Он знал, что в его семье это не принято - думать о девочках. Как-то так получалось, что первым - и единственным - ребёнком был сын. О девочках особо не беспокоились, так как они не рассматривались в великом плане семьи. Но что-то Смоки изменила в нём. Теперь его волновали и девочки. Это не значит, что он стал безразличен к отсутствию сына. Но он был согласен с Смоки - нужно было обеспечить девочек. Они уже были готовы к замужеству, и каждой было необходимо наследство.
Но мальчик....
Мальчика не было.
Его раздумья прервал нервный и частый стук. Не дожидаясь ответа, в комнату ворвалась старшая. Панически заламывая руки, Эли кинулась к столу.
– Маму! Маму забрали!
– Куда забрали? Кто?
– Воскликнул он, пораженно роняя ручку на бумаги. Первый раз за всю его жизнь он утратил бдительность и наставил чернильных пятен. И, так же, первый раз в жизни, он не обратил внимания на свою оплошность.

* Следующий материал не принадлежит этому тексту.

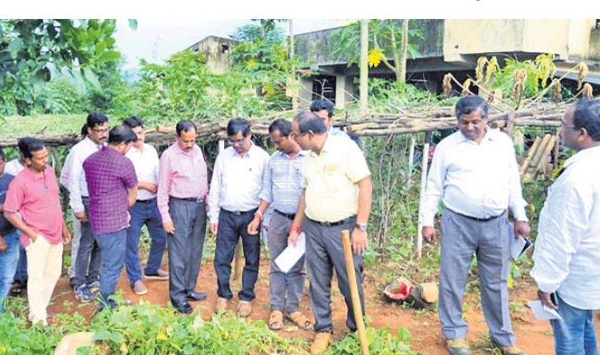
ଅତିରିକ୍ତ ଶାସନ ସଚିବଙ୍କ ସହ ଅନ୍ୟମାନେ ଚାଷକମି ବୁଝି ଦେଖୁଛନ୍ତି ।

କୋରାପୁଟ ଜିଲାର କନ୍ୟାପୁର ଅଞ୍ଚଳରେ ଯୁବ ଆଇପିଏସ୍ ଅଧିକାରୀଙ୍କ ଦାୟିତ୍ୱ ଗ୍ରହଣ ହୋଇଛି ।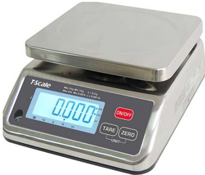
Typical Model S29-xx / Modèle typique S29-xx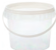
JET rund transparent 2,3 l HV 1200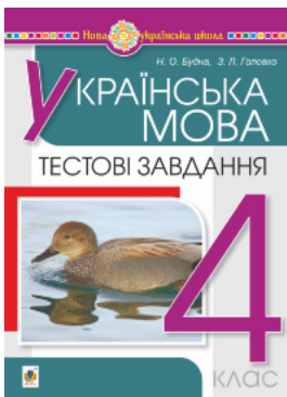
Українська мова. 4 клас. Тестові завдання. НУШ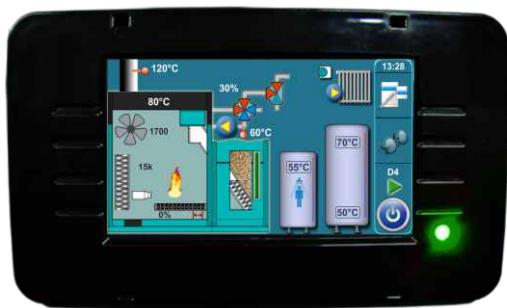
Več funkcijska upravljalnik z zaslonom na dotik.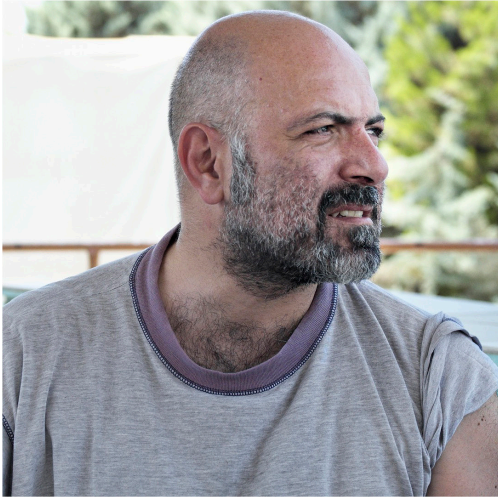
Ouvrier informaticien à l'usine autogérée en coopérative Viome, banlieue de Thessalonique, Grèce, 2017.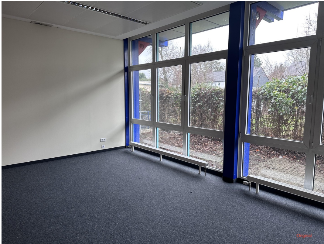
Originalbild ohne Büroeinricht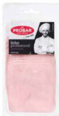
FOOD SERVICE - BOA ESCOLHA FIAMBRE HAM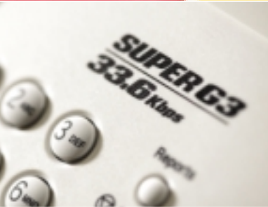
Super G3 laserfax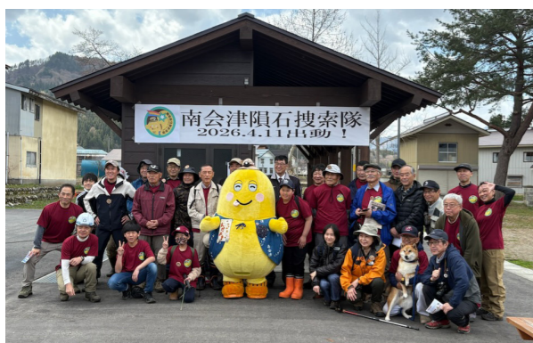
搜索活動に参加した皆さん

今回は残念ながら発見には至りませんでしたが、参加者の意欲は高く、今後の活動に期待が膨らむ1日となりました。

– В больницу! Ей стало плохо! Мини вызвала скорую!..
– Захлёбываясь, воскликнула она, падая на стул.
– Врачи приехали, и ничего не сказали! Просто забрали её и уехали!
Глядя в пространство, он сжал её плечи и его мысли понеслись по дорогам логики.

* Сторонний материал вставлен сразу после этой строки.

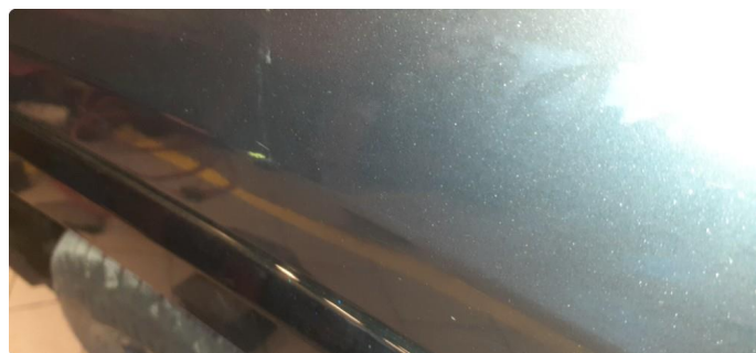
1.1 Noen steinsprang og riper i lakk, se bilder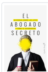
ABOGADO SECRETO, EL AA.VV.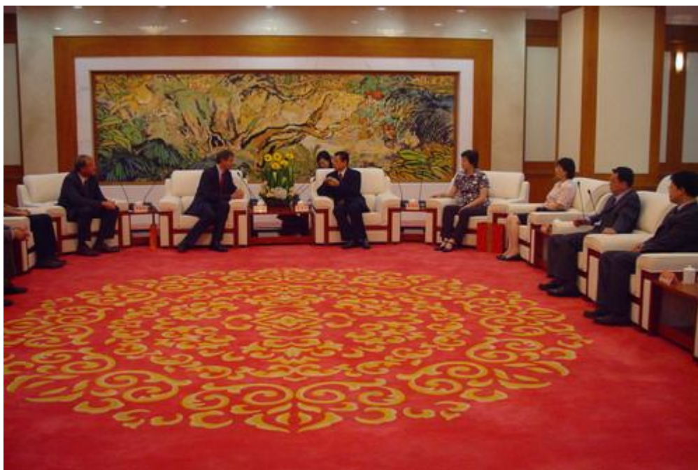
詹州副市长与马龙先生亲切交谈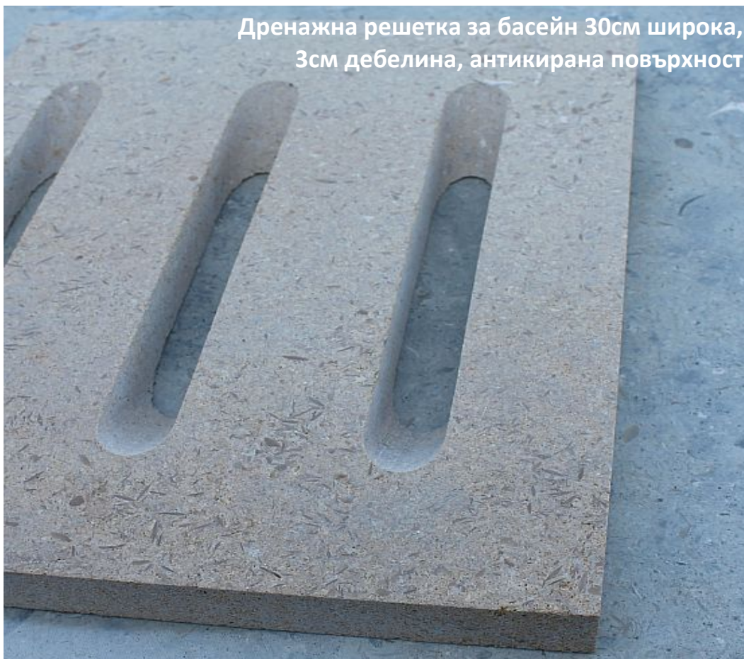
Дренажна решетка за басейн 30см широка, 3см дебелина, антикирана повърхност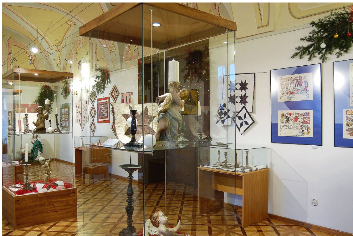
Obr. 7 Výstava Vánoce s patchworkem v zámku ve Vlašimi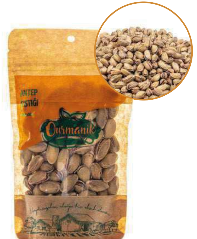
Antep Fıstığı Pistachios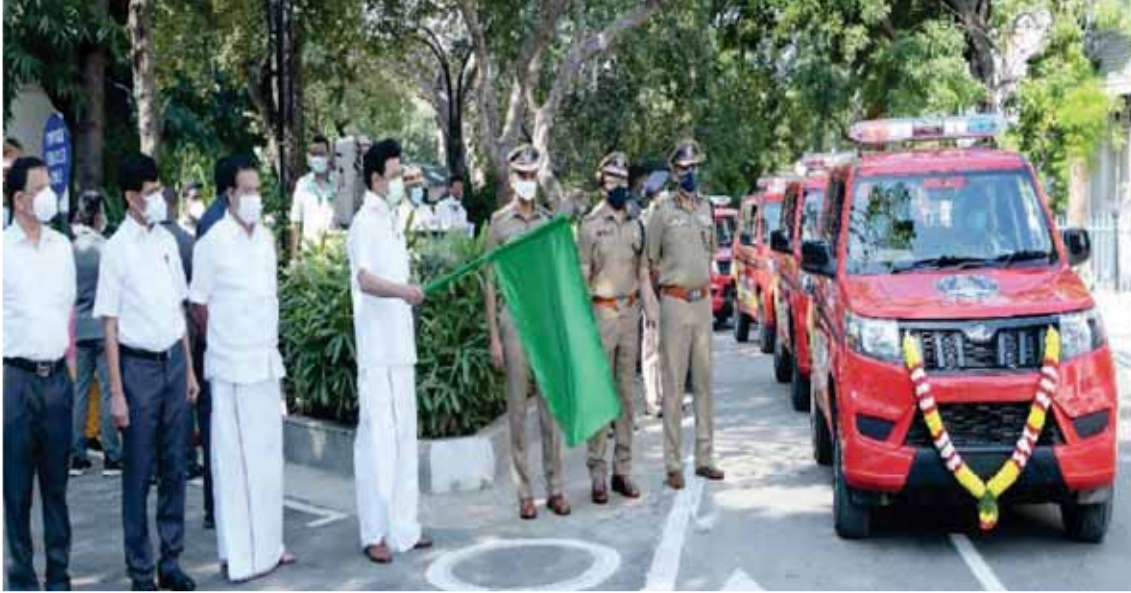
தாம்பரம் மற்றும் ஆவடி மாநகர காவல்துறையின் பயன்பாட்டிற்காக புதிய வாகனங்களைக் கொடியசைத்து துவக்கி வைத்தல் - 13.01.2022.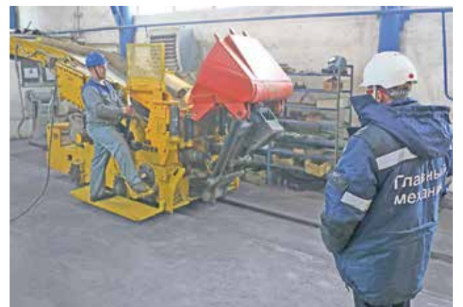
Главный механик комбината осматривает 1 ППН-5

С момента открытия участка капремонта горно-шахтного оборудования в 2017 году это уже пятая капитально отремонтированная машина 1 ППН-5.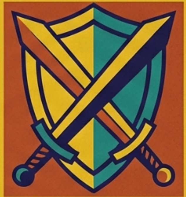
การเมือง

เมื่อมนุษย์เริ่มกักตุน ‘ส่วนเกิน’ ความขัดแย้งจึงเกิดขึ้น การเมืองและกฎหมายเกิดขึ้นเพื่อจัดการกับปัญหาการแย่งชิงส่วนเกินนี้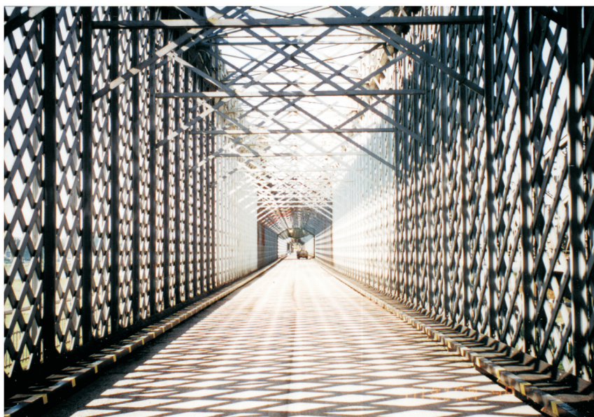
Rys.7. „Wnętrze” mostu Fig.7. „Interior” of bridge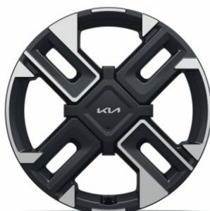
Llanta de aleación 17"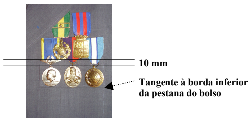
Fig 203 - A - Medalhas em mais de uma fileira

e) deverá ser evitada a existência de uma única medalha, isolada, acima da fileira composta por quatro medalhas;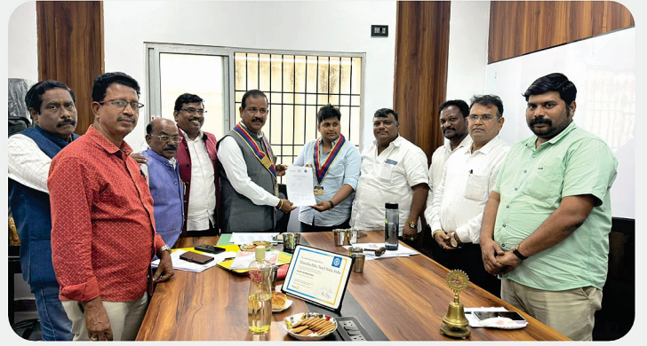
RC of Tiruvallur Elite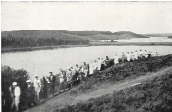
Paa Tur langs Søen

er Naturhistoriker, skal jeg imidlertid afholde mig fra at beskrive disse Ekskursioner nærmere.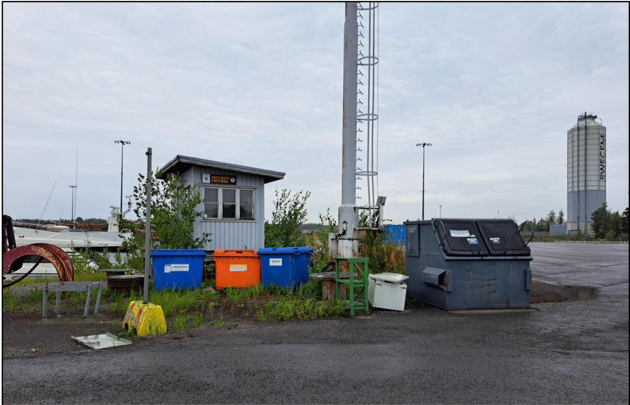
KUVA 3. SATAMA-ALUEEN AINOA JÄTEPISTE LAITURIN KOV2 PÄÄDYSSÄ.

Если сразу увезли, значит такое им уже знакомо.
Если ничего не сказали, значит срочно.
Больница у них одна на город.
Значит - туда.
Схватив с вешалки пальто, он выскочил из кабинета, оставляя Эли одну.
В холле было довольно много людей. Мимо него прошла нянечка родильного отделения, аккуратно везя перед собой закрытую кроватку на колёсиках. Выглядела она грустной, но Бартоломью списал это на усталость. Девушка на ресепшне давно его знала, и тут же подскочила к нему.
– Мистер Лаус, мне так жаль!
– Воскликнула она, переплетая пальцы.
– Где она?
– В 32.
Тут Лаус ненадолго замер. 32 палата? Но... это же палата родильного...
Забежав в палату, он застал сидящую и рыдающую на кровати Смоки. Подняв голову на стук двери, она увидела его и завыла, протягивая к нему руки.
– Барт, он не дышит! Он не плачет! Она увезла его!
У него есть сын. Но его считают мертвым. Та женщина наверняка везла его сына!
Его глаза панически расширились, и, ничего не сказав, выбежал в коридор. Догнав девушку, он выхватил кроватку из её рук. Под крики 'Мистер Лаус, что вы делаете?!' мужчина откинул ткань и с трепетом взял на руки маленькое тельце.